Facebook’s Search and Destroy

An article came out yesterday from Clement Genzmer who is a security engineer at Facebook.  His tagline is "searching and destroying malicious links".  Those of us in the business of digital security and safety can certainly identify with that, especially the part where we aim to identify the criminals and work with law enforcement to have them brought to justice.  Truthfully, what I'm really in it for is the constructive aspect — an innate feeling and desire to build something new and offer positive "things" to society.  And that is what brought my attention to the article about Facebook's evolution in security and safety in the hopes of protecting consumers.

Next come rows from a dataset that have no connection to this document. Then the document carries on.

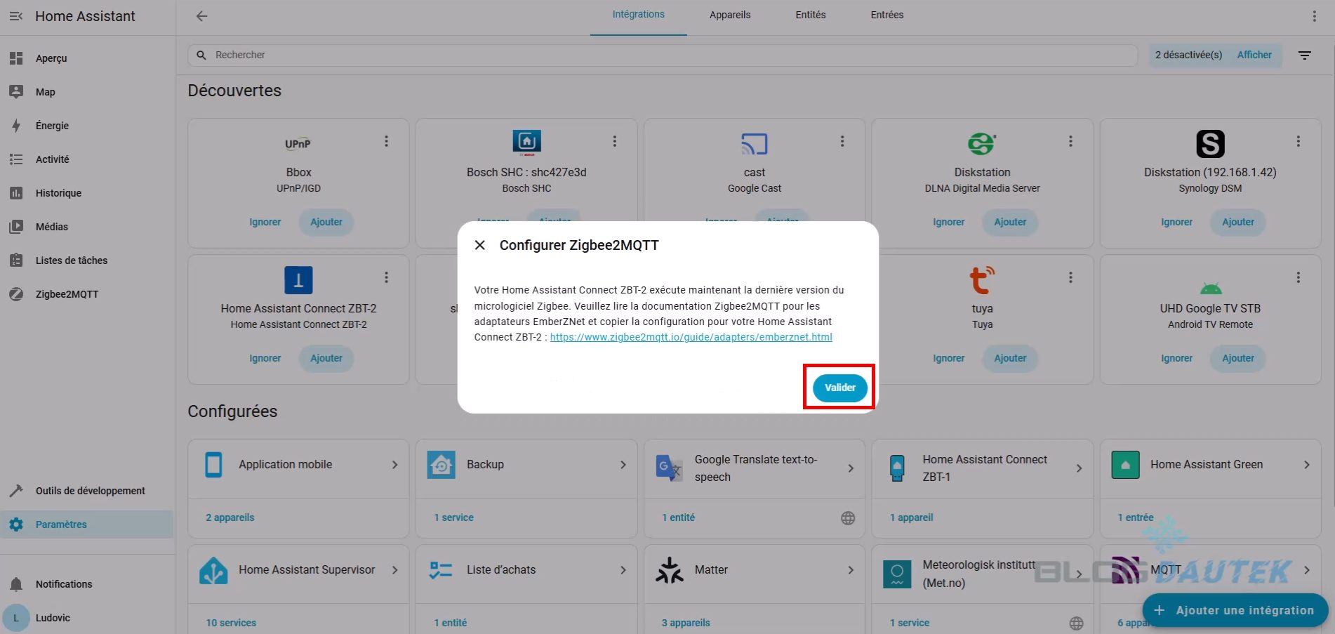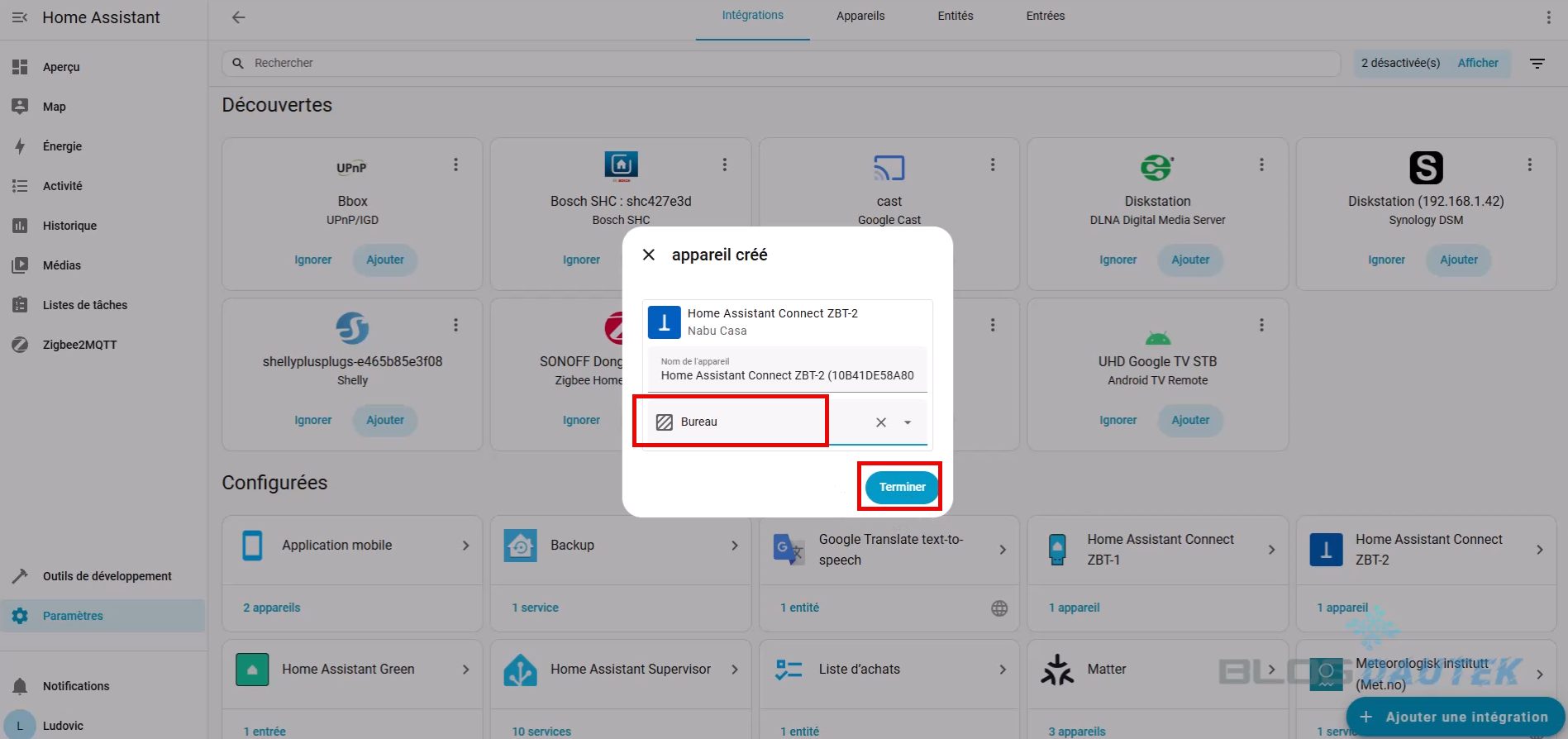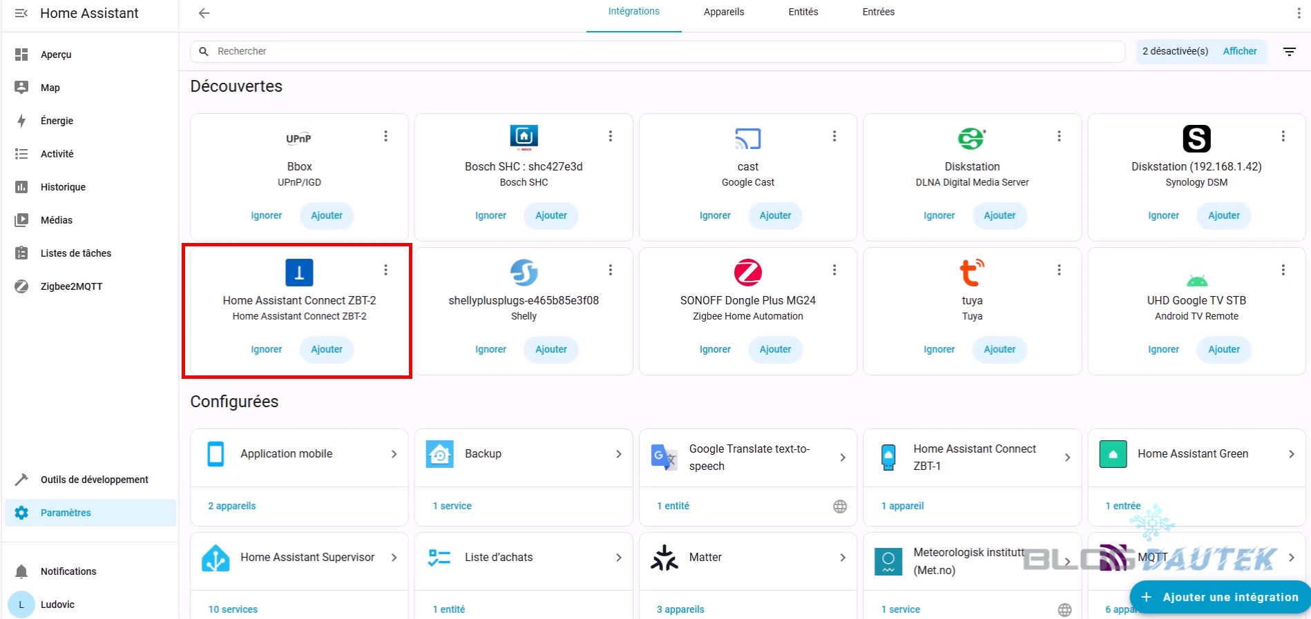 Pour l’intégrer, allez sur Paramètres puis Appareils et services. L’home assistant connect ZBT-2 est détecté, cliquez sur Ajouter.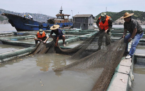 8月4日,在浙江臺州釣浜港附近海域,邊防官兵幫助海上養殖戶加固網箱。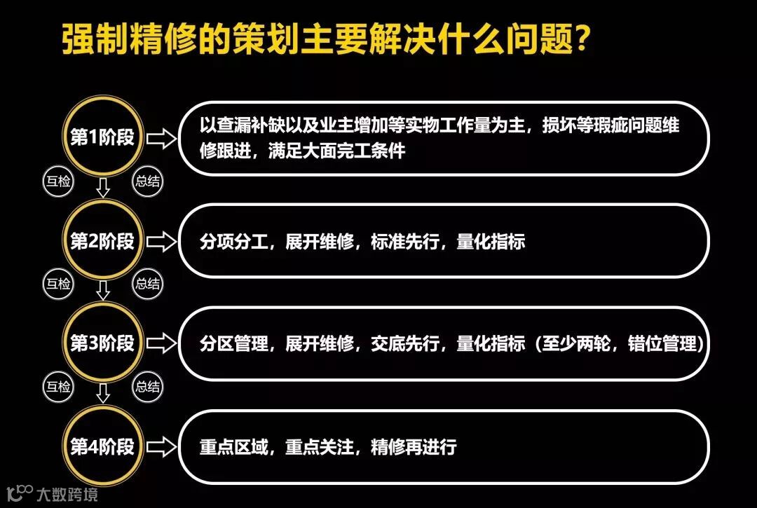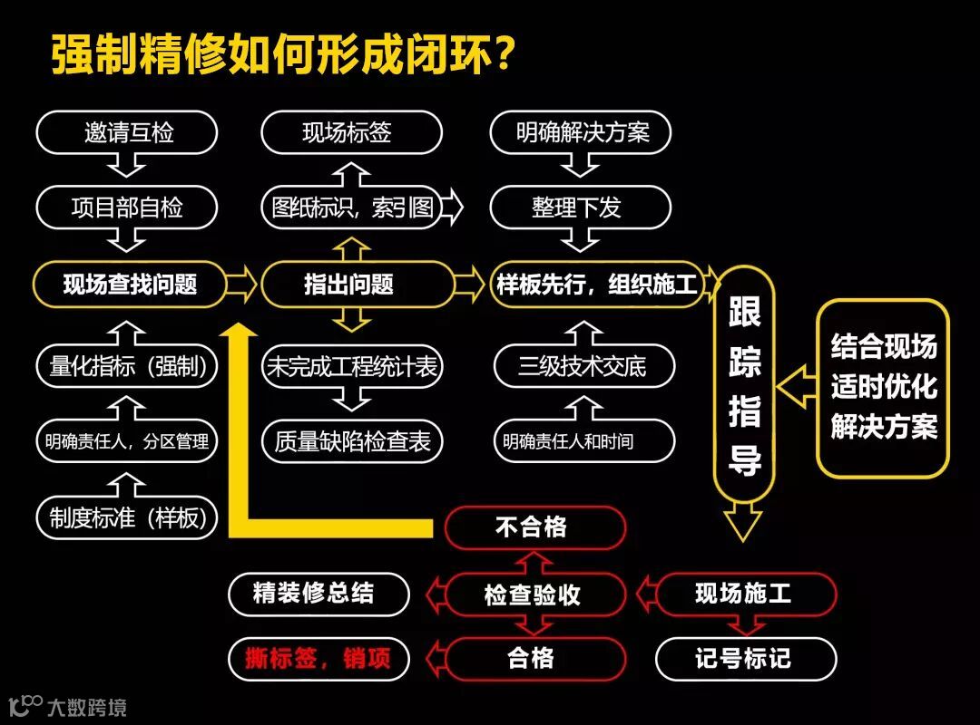 强制精修在项目上也俗称“变态精修、极致精修”,就是用严格的观感要求配合强制量化指标,去检查和发现现场项目存在的质量缺陷,以“零容忍”态度去解决存在的问题,最大化的提升产品质量的一种做法。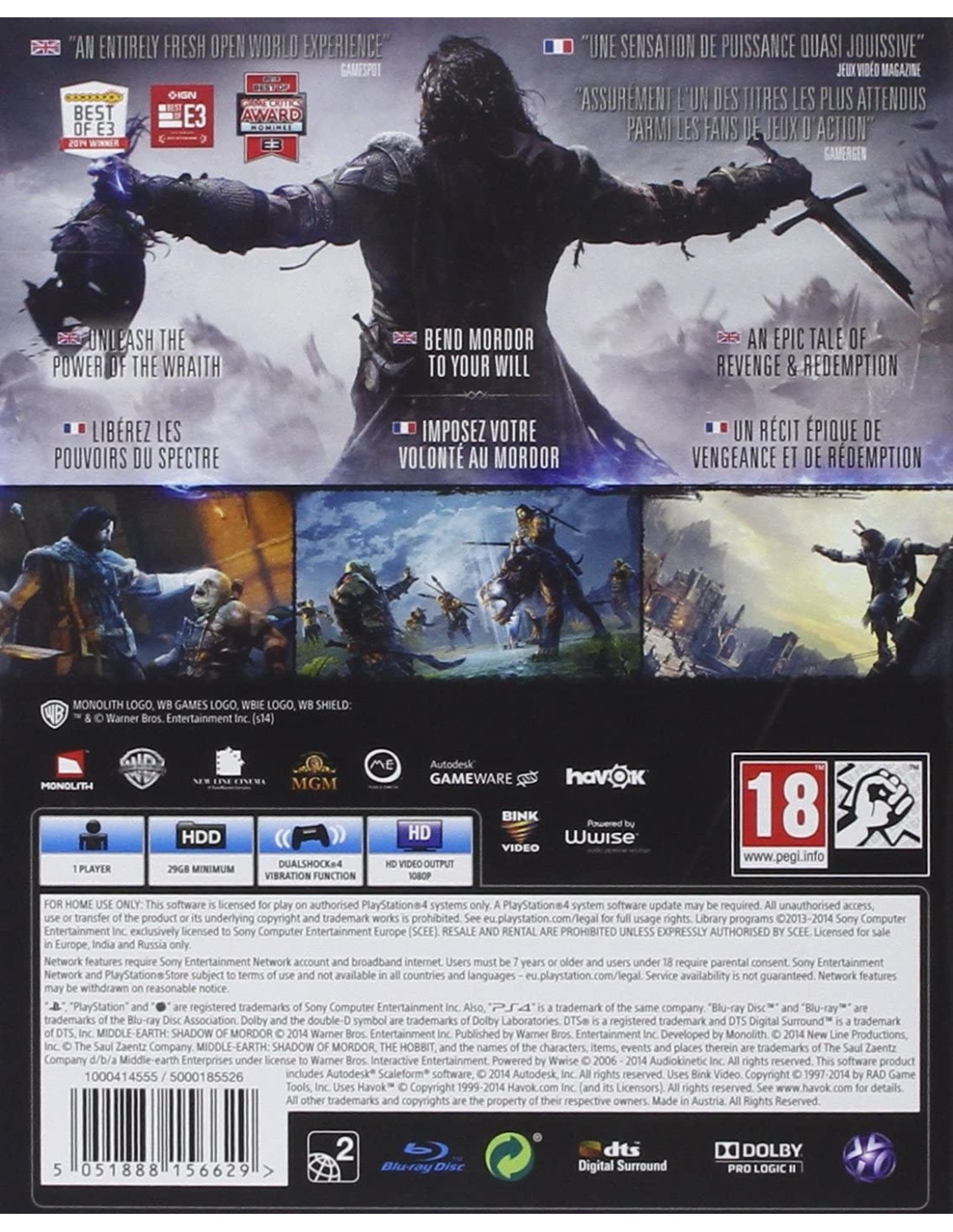 La Tierra Media: Sombras de Mordor ofrece un entorno de juego dinámico donde el jugador deberá orquestar su propio plan de venganza. El juegocomienza en la noche en la que Sauron regresa a Mordor, cuando sus Capitanes Negros ejecutan brutalmente a los Exploradores de la Puerta Negra. Los jugadores asumirán el papel de Talion, un valiente explorador cuya familia es asesinada esa misma noche y que volverá a la vida gracias al espíritu de venganza para destruir a los que le arrebataron todo lo que quería. Durante el transcurso de la venganza personal de Talion, el jugador descubrirá la verdad del Espíritu que le impulsa, aprenderá sobre los orígenes de los Anillos de Poder y, finalmente, se enfrentará a su último enemigo.

Facebook announced the following security measures in a bid to keep their ecosystem free and clear to enable its users to visit and share their lives without fear of infection.  I like having security "just doing its thing" and doing it well.  That involves security engineers and researchers to be vigilant and ever testing new products and services.  Testing to see that we are ahead of cybercriminals and that our proactive and reactive measures are constantly working.

• Malicious Links
  • Facebook in addition to their own systems has partnered with Web of Trust to obtain more information to help its ecosystem.  It is good to see industry working together.
• Clickjacking
  • Measures have been stepped up at Facebook to help detect and block rogue URLs.
• Self-XSS Protection
  • Working with browser providers, Facebook has also increased its own routines to catch potentially virulent URLs being pasted into this framework.

• Login Approvals
  • And not new, although re-announced, this is Facebook's own "multi-factor authentication" system.  In order for it to work, when logging into your profile, Facebook will send a code to your mobile phone.  Input that code, and you are logged in.

Might there be a way for miscreants to circumvent these?  Sure, and that is why security requires vigilance and a certain amount of passion by its practitioners.  Make no doubt about it, as we must pay taxes, so do online thieves (as the physical plane ones) will attempt to steal our information. 

I applaud Facebook for working diligently to help bolster its safety and security architecture for what technically can be defined as a world's third largest country.  When first responders or Emergency Medical Technicians (EMTs) arrive on a medical scene, the first thing taught in training is to make sure the environement is safe and secure and to ultimately ensure that no further damage is done.  Facebook is attempting just that, to ensure that consumers are not damaged by malicious links or account hijackings.  Keep up the good efforts and destroy those malicious links!

On Tuesday, Facebook had blogged they are moving to a more secure API platform.  A roadmap is provided, and it is a good thing because this is yet another tool from their toolbox to assist in making consumer experience more secure:

• July 1: Updates to the PHP and JS SDKs available that use OAuth 2.0 and have new cookie format (without access token).
• September 1: All apps must migrate to OAuth 2.0 and expect an encrypted access token.
• October 1: All Canvas apps must process signed_request (fb_sig will be removed) and obtain an SSL certificate (unless you are in Sandbox mode). This will ensure that users browsing Facebook over HTTPS will have a great experience over a secure connection.

This means that the applications folks like to use on Facebook must support secure URL migrating from HTTP to HTTPS.  Hopefully this will permit for users to have a fully secure browsing session with Facebook limiting session sniffing (for example strangers in your immediate vicinity on a public WiFi using Firesheep).  Watch out for the tell tale sign that you are in HTTPS mode:

Involving industry and security experts to assist in safety and security is key.  Together, we win.